All pictures are to be omitted while the lines starting at the line with "Shrapnel: The Official" and ending at the line with "つかまり立ちをして並んでいる姿が可愛くてパシャリ📸" in the material below are retyped exactly, both ends included.

▸ Stored data:

===============

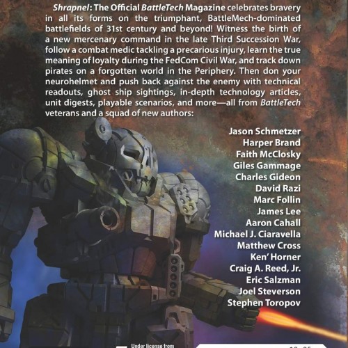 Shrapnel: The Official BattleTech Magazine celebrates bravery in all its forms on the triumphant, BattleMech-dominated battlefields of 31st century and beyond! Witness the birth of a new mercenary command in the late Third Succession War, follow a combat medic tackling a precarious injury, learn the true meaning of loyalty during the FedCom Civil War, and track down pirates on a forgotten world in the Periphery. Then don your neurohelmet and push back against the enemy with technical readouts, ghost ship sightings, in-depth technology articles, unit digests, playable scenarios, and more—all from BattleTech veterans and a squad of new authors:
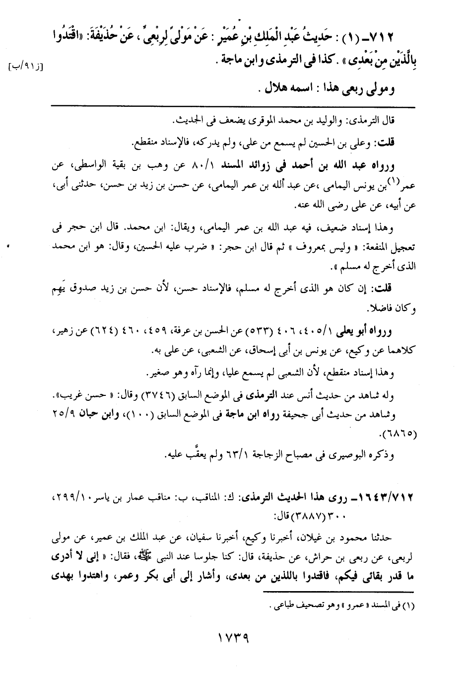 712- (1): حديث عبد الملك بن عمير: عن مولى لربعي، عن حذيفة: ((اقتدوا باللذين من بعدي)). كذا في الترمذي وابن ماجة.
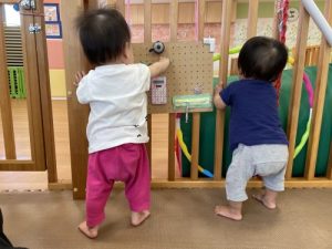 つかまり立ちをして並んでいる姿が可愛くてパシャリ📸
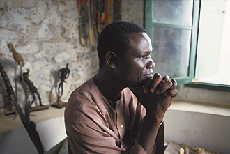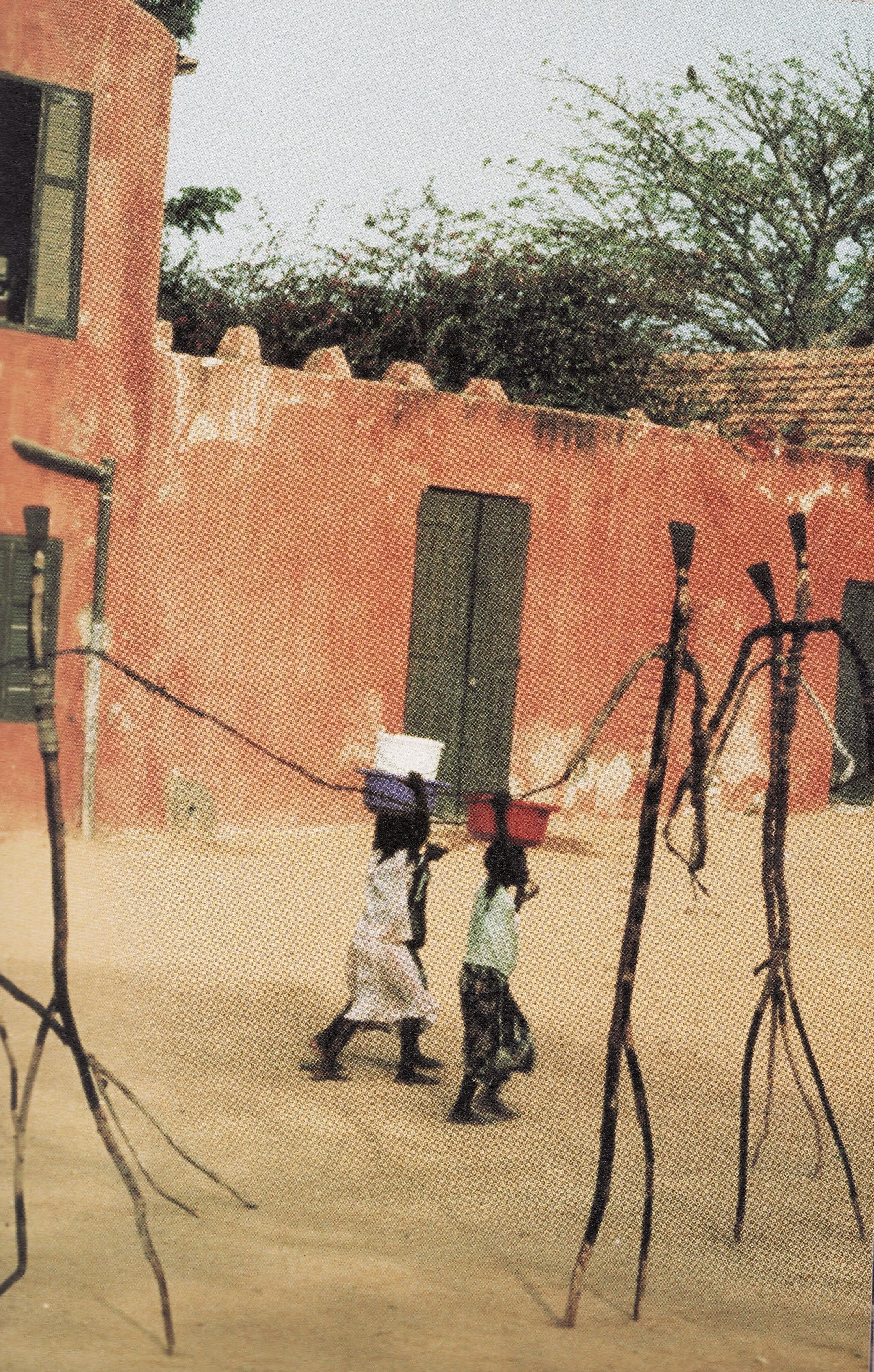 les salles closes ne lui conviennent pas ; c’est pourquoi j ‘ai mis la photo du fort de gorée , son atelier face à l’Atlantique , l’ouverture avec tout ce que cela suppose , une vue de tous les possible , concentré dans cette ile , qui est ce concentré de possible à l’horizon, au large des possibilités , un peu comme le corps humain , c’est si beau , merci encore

===============

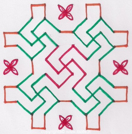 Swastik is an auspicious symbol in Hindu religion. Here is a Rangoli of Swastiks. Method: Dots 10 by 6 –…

===============

▸ Task result:
 Shrapnel: The Official BattleTech Magazine celebrates bravery in all its forms on the triumphant, BattleMech-dominated battlefields of 31st century and beyond! Witness the birth of a new mercenary command in the late Third Succession War, follow a combat medic tackling a precarious injury, learn the true meaning of loyalty during the FedCom Civil War, and track down pirates on a forgotten world in the Periphery. Then don your neurohelmet and push back against the enemy with technical readouts, ghost ship sightings, in-depth technology articles, unit digests, playable scenarios, and more—all from BattleTech veterans and a squad of new authors:
 712- (1): حديث عبد الملك بن عمير: عن مولى لربعي، عن حذيفة: ((اقتدوا باللذين من بعدي)). كذا في الترمذي وابن ماجة.
 つかまり立ちをして並んでいる姿が可愛くてパシャリ📸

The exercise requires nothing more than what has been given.